(Provided data Opens)
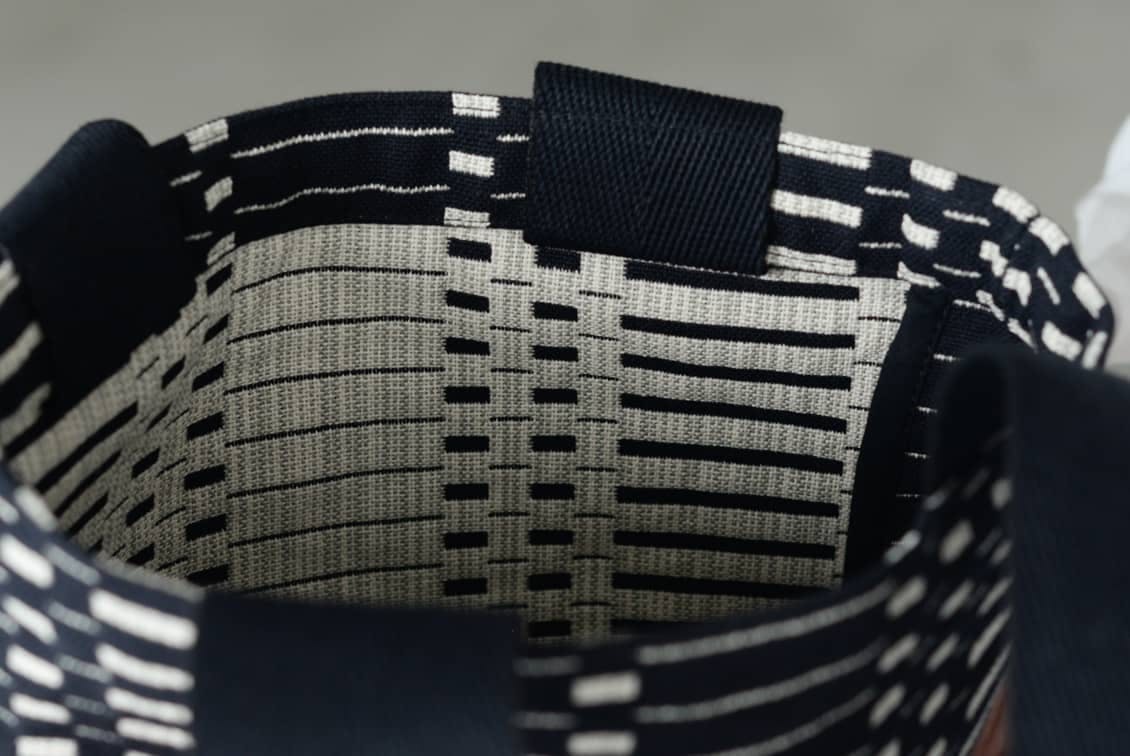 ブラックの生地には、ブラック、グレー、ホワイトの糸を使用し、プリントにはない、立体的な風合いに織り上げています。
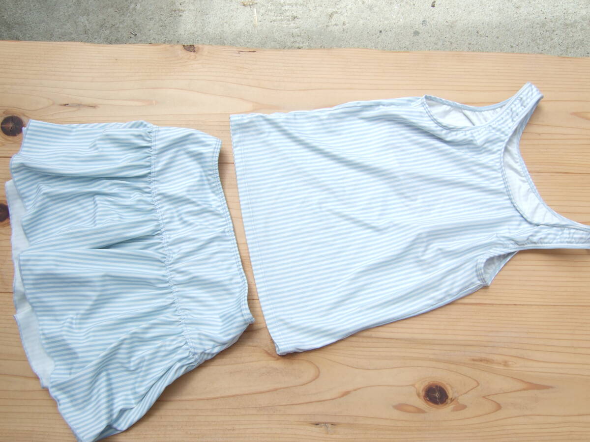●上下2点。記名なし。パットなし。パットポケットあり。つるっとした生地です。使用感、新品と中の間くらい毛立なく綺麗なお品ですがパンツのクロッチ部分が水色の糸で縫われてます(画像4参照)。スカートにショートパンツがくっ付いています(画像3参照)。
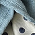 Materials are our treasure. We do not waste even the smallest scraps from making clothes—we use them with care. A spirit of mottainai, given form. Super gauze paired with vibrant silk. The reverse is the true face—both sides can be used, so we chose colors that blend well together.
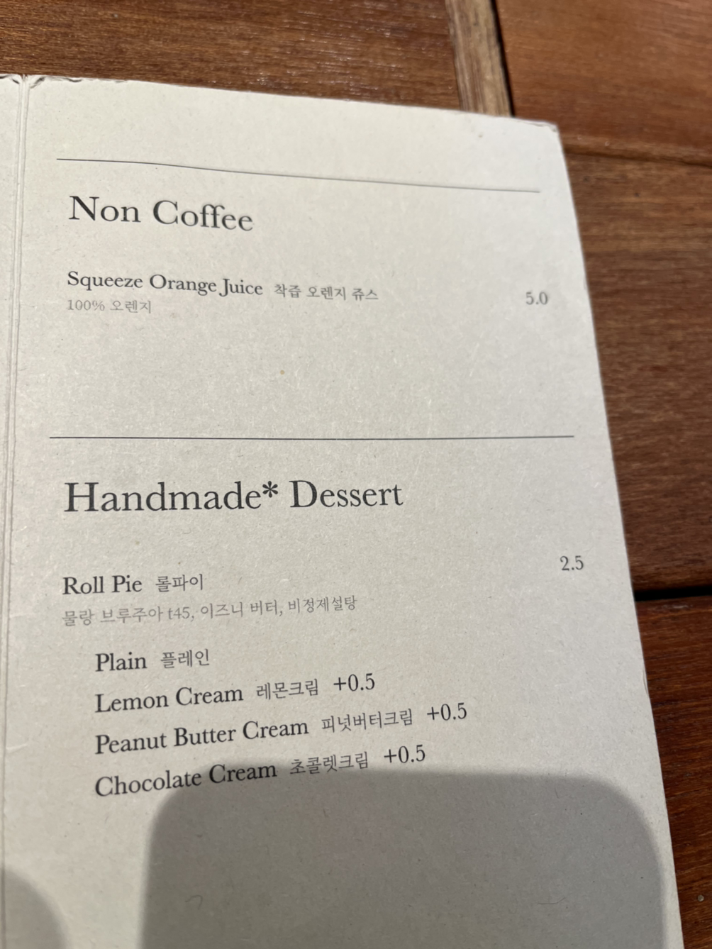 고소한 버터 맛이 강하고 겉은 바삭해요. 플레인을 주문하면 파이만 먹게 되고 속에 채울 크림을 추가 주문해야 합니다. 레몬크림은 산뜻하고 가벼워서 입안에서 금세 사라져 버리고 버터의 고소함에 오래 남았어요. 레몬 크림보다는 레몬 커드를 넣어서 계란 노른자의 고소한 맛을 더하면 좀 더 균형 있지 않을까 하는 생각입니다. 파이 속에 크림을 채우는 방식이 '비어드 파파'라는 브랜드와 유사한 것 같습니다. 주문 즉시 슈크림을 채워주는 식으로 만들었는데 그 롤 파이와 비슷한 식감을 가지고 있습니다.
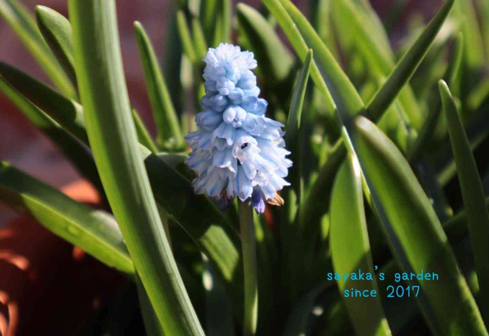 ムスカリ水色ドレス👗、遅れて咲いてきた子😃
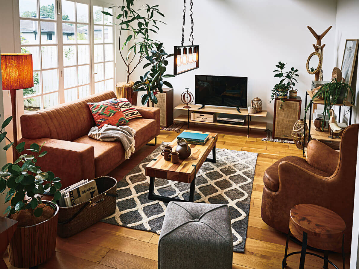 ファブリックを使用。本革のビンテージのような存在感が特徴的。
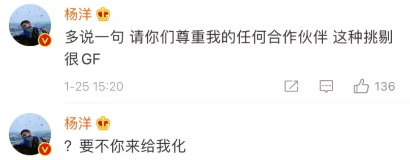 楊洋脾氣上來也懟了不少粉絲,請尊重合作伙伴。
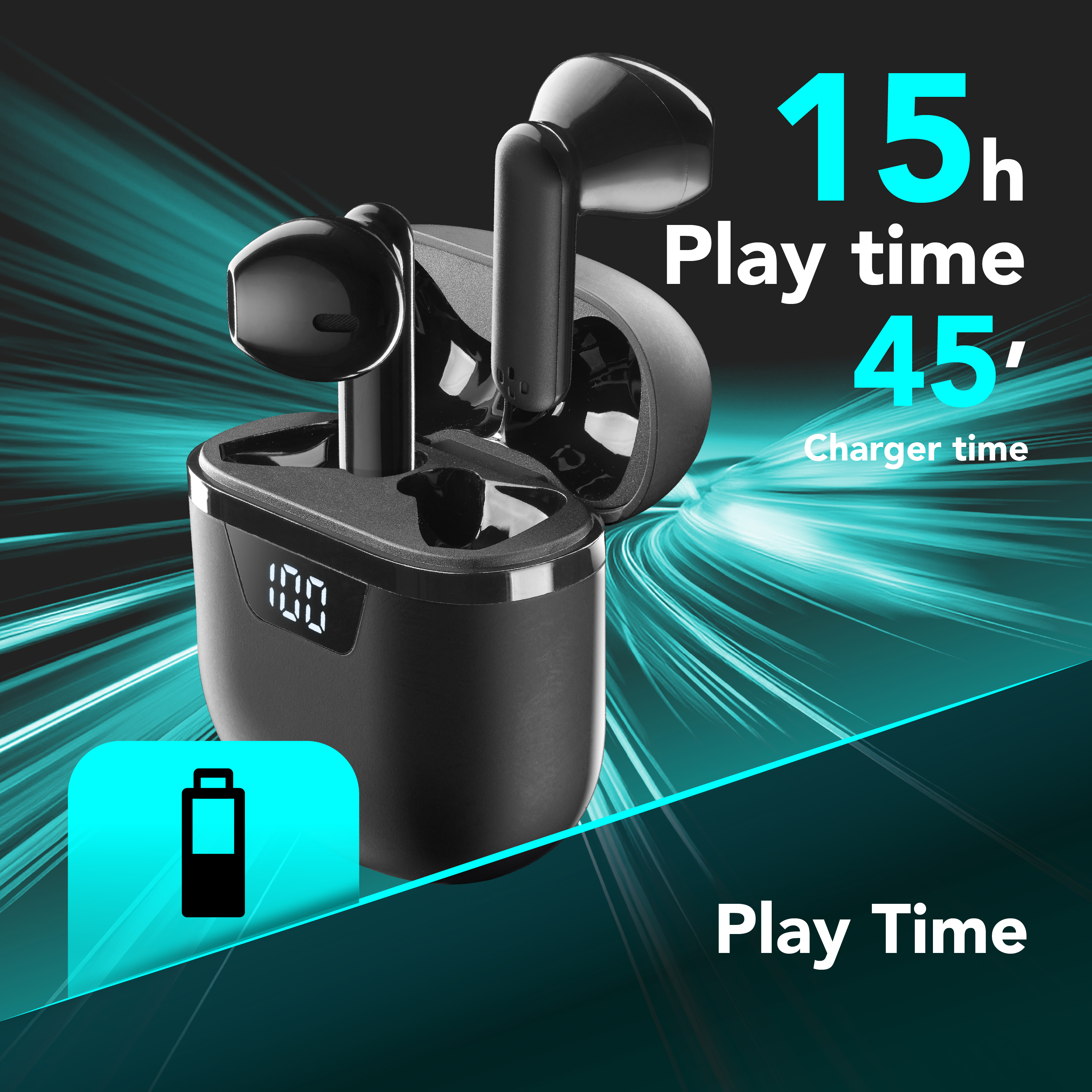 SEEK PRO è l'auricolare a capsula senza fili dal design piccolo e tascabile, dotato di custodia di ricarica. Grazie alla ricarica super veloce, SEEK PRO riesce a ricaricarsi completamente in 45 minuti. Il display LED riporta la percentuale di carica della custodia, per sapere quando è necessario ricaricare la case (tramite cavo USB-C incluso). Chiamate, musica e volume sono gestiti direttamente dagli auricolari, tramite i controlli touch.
(Provided data Closes)
(Provided data Opens)
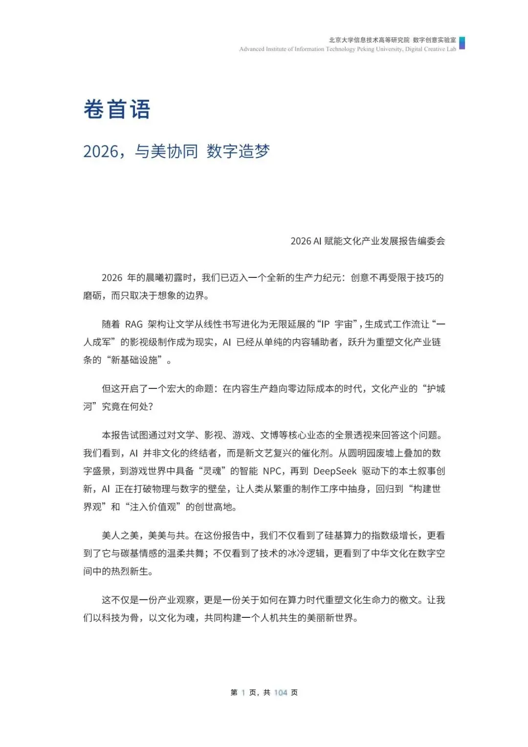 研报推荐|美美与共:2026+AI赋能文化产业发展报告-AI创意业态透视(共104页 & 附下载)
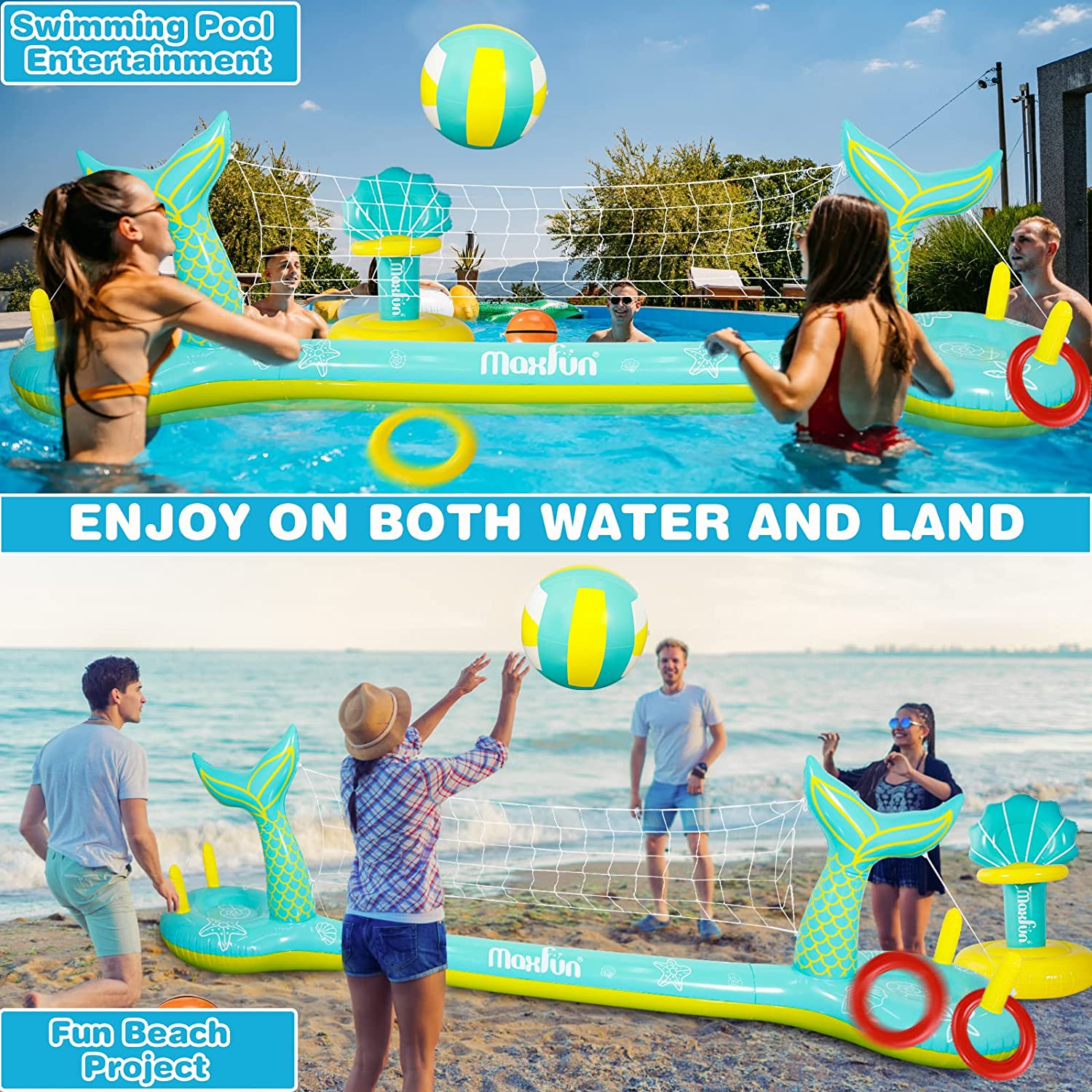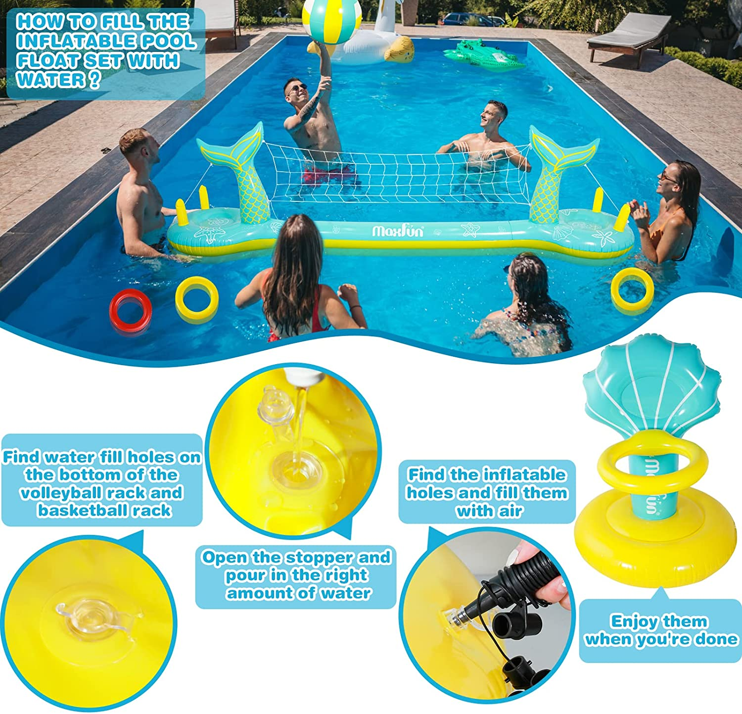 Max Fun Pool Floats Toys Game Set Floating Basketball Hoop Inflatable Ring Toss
(Provided data Closes)
(Provided data Opens)
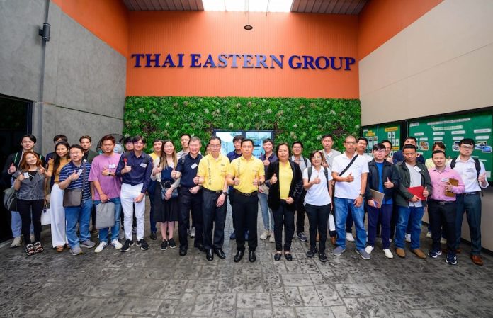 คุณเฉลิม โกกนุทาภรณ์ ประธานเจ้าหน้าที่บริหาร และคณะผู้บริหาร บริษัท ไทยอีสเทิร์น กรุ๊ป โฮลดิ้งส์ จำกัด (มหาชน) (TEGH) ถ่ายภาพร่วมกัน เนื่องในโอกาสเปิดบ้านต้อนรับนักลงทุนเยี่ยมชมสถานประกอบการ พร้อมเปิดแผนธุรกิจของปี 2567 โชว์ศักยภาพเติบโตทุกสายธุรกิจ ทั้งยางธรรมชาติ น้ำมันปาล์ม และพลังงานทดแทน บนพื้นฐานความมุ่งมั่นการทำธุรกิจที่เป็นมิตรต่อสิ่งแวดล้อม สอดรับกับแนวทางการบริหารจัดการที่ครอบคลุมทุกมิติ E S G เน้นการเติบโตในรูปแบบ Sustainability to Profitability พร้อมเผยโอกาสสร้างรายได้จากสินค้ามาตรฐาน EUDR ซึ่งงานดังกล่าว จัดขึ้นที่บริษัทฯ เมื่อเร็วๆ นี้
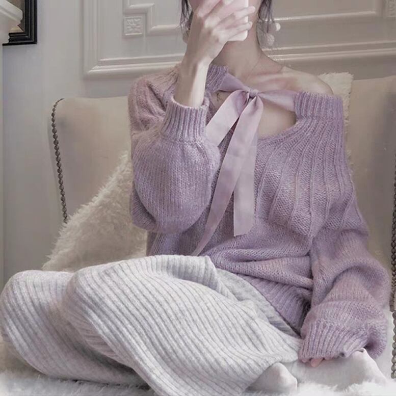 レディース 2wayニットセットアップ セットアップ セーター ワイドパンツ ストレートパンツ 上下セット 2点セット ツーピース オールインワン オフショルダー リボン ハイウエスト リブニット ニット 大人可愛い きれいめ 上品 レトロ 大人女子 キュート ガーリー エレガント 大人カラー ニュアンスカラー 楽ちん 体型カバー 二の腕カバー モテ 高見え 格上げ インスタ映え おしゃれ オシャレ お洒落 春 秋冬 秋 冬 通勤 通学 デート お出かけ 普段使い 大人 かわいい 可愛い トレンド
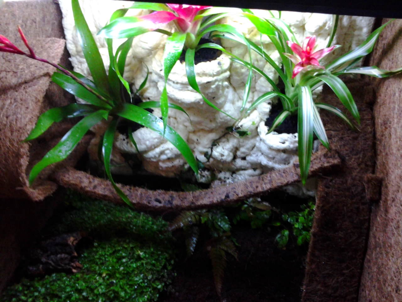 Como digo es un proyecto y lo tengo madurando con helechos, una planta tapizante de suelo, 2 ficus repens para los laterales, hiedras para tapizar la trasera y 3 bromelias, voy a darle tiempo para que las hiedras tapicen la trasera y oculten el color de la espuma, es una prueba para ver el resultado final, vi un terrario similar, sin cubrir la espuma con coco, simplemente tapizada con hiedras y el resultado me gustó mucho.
(Provided data Closes)
§ Brief: The copy should hold only the lines from the one with "ファブリックを使用。本革のビンテージのような存在感が特徴的。" through the one with "楊洋脾氣上來也懟了不少粉絲,請尊重合作伙伴。", exactly as they stand above. Leave out the pictures.

§ Exercise answer:
 ファブリックを使用。本革のビンテージのような存在感が特徴的。
 楊洋脾氣上來也懟了不少粉絲,請尊重合作伙伴。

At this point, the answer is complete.